**PROVIDED MATERIAL:**
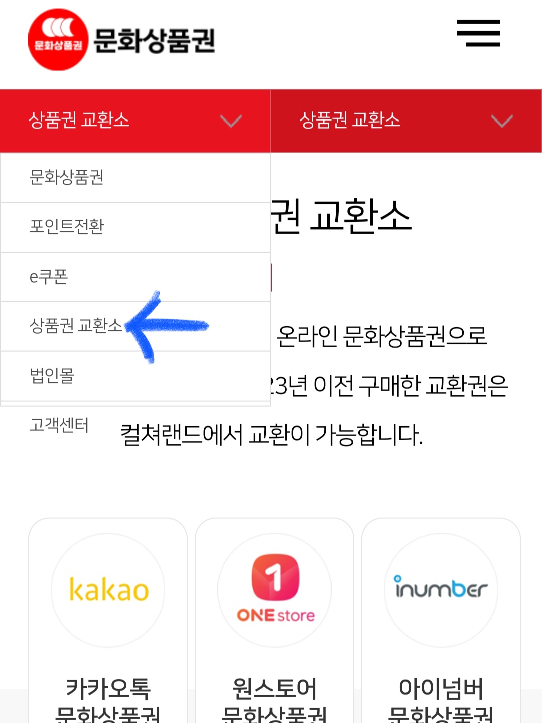 ▼그다음 문화상품권 12핀을 전환해야겠죠? 상단에 [포인트전환]을 클릭 후 [상품권 교환소]로 전환해 주세요.
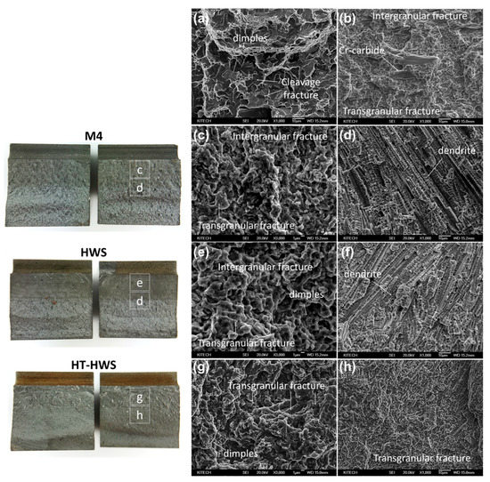 Figure 11 shows each of the fractured surfaces. In general, the impact toughness is highly related with the grain boundary and carbides’ precipitation behavior. On the fracture surface of the D2 (substrate), cleavage fractures and fine dimples are observed (Figure 11a). Cleavage fractures are mainly observed in ferrite structures, and dimples represent a ductile fracture. A ductile fracture corresponds to a high absorbed energy. The HT-D2 surface exhibits the intergranular and transgranular fractures with fewer fine dimples (Figure 11b). The HT-D2 toughness was lower because the microstructure is transformed to martensite from ferrite by the heat treatment. In the deposited M4 layer (Figure 11c), intergranular and transgranular fractures were observed without dimples and plastic deformation, which shows the typical brittle characteristic. The cracks originating from the V-notch propagated along the grain boundaries and along the dendrite structure at the interface (Figure 11c,d). Figure 11e shows the fracture surface of the HWS-deposited specimen. The fracture behavior is characteristic of a complex intergranular fracture with dimples. Dendrites were observed at the interface of HWS (Figure 11f). Compared to the M4 deposits, fine dimples were observed in the HWS fracture surface because of the microstructure depending on the chemical composition. The highest toughness of HWS is also attributed to the austenitic matrix. The fracture surface of HT-HWS exhibited different crack propagation characteristics. Although the fracture surface of the deposited layer of HT-HWS is similar to that of the HWS deposited layer (Figure 11g), the martensite fraction in the HT-HWS increased and, in the interface region, the primary rod-like carbides precipitated along grain boundaries by the quenching and tempering, which decreases the toughness. In particular, the eutectic carbide aggregated during the post-heat treatment resulted in a concentration of the stresses, causing cracks to propagate more readily between the grain boundaries. Thus, the absorbed energy was reduced compared to that in HWS, while being higher than that of M4.
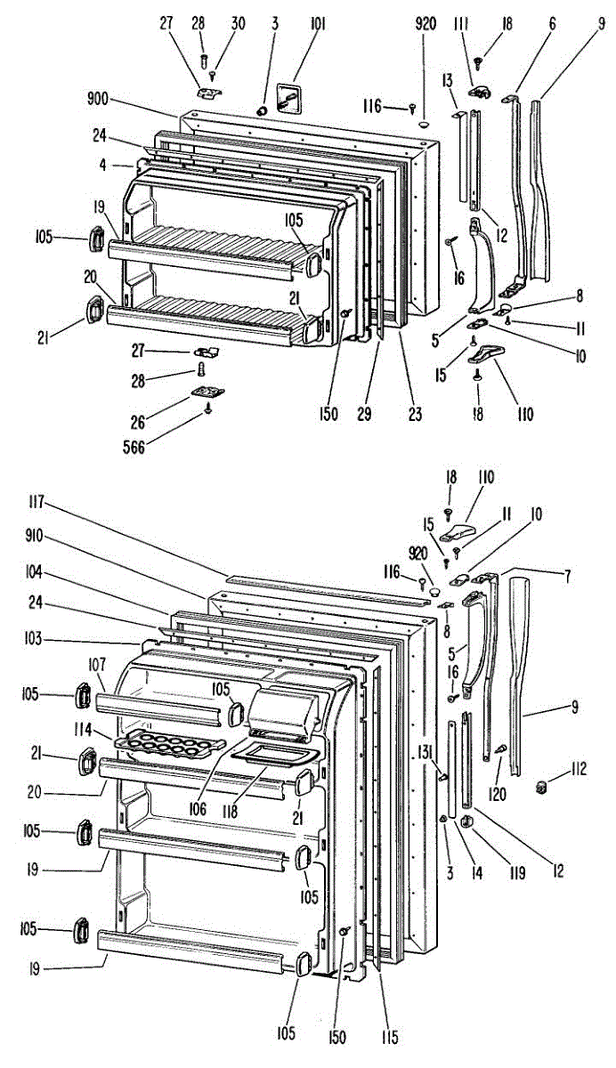 Hardware fasteners for securing refrigerator door panels and components. Includes screws, nuts, and washers for assembly. Replace missing or stripped pieces.
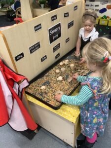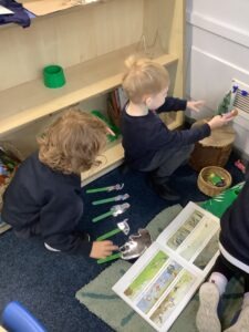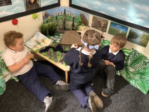 In our story corner, children have enjoyed listening to the story of ‘We’re going on a bear hunt’. They’re getting really good at re-telling the story and joining in with the repeated refrains.

**PROBLEM TO SOLVE:**
All of the data must be set down exactly, with no pictures included.

**REPLY TO THE TASK:**
 ▼그다음 문화상품권 12핀을 전환해야겠죠? 상단에 [포인트전환]을 클릭 후 [상품권 교환소]로 전환해 주세요.
 Figure 11 shows each of the fractured surfaces. In general, the impact toughness is highly related with the grain boundary and carbides’ precipitation behavior. On the fracture surface of the D2 (substrate), cleavage fractures and fine dimples are observed (Figure 11a). Cleavage fractures are mainly observed in ferrite structures, and dimples represent a ductile fracture. A ductile fracture corresponds to a high absorbed energy. The HT-D2 surface exhibits the intergranular and transgranular fractures with fewer fine dimples (Figure 11b). The HT-D2 toughness was lower because the microstructure is transformed to martensite from ferrite by the heat treatment. In the deposited M4 layer (Figure 11c), intergranular and transgranular fractures were observed without dimples and plastic deformation, which shows the typical brittle characteristic. The cracks originating from the V-notch propagated along the grain boundaries and along the dendrite structure at the interface (Figure 11c,d). Figure 11e shows the fracture surface of the HWS-deposited specimen. The fracture behavior is characteristic of a complex intergranular fracture with dimples. Dendrites were observed at the interface of HWS (Figure 11f). Compared to the M4 deposits, fine dimples were observed in the HWS fracture surface because of the microstructure depending on the chemical composition. The highest toughness of HWS is also attributed to the austenitic matrix. The fracture surface of HT-HWS exhibited different crack propagation characteristics. Although the fracture surface of the deposited layer of HT-HWS is similar to that of the HWS deposited layer (Figure 11g), the martensite fraction in the HT-HWS increased and, in the interface region, the primary rod-like carbides precipitated along grain boundaries by the quenching and tempering, which decreases the toughness. In particular, the eutectic carbide aggregated during the post-heat treatment resulted in a concentration of the stresses, causing cracks to propagate more readily between the grain boundaries. Thus, the absorbed energy was reduced compared to that in HWS, while being higher than that of M4.
 Hardware fasteners for securing refrigerator door panels and components. Includes screws, nuts, and washers for assembly. Replace missing or stripped pieces.
 In our story corner, children have enjoyed listening to the story of ‘We’re going on a bear hunt’. They’re getting really good at re-telling the story and joining in with the repeated refrains.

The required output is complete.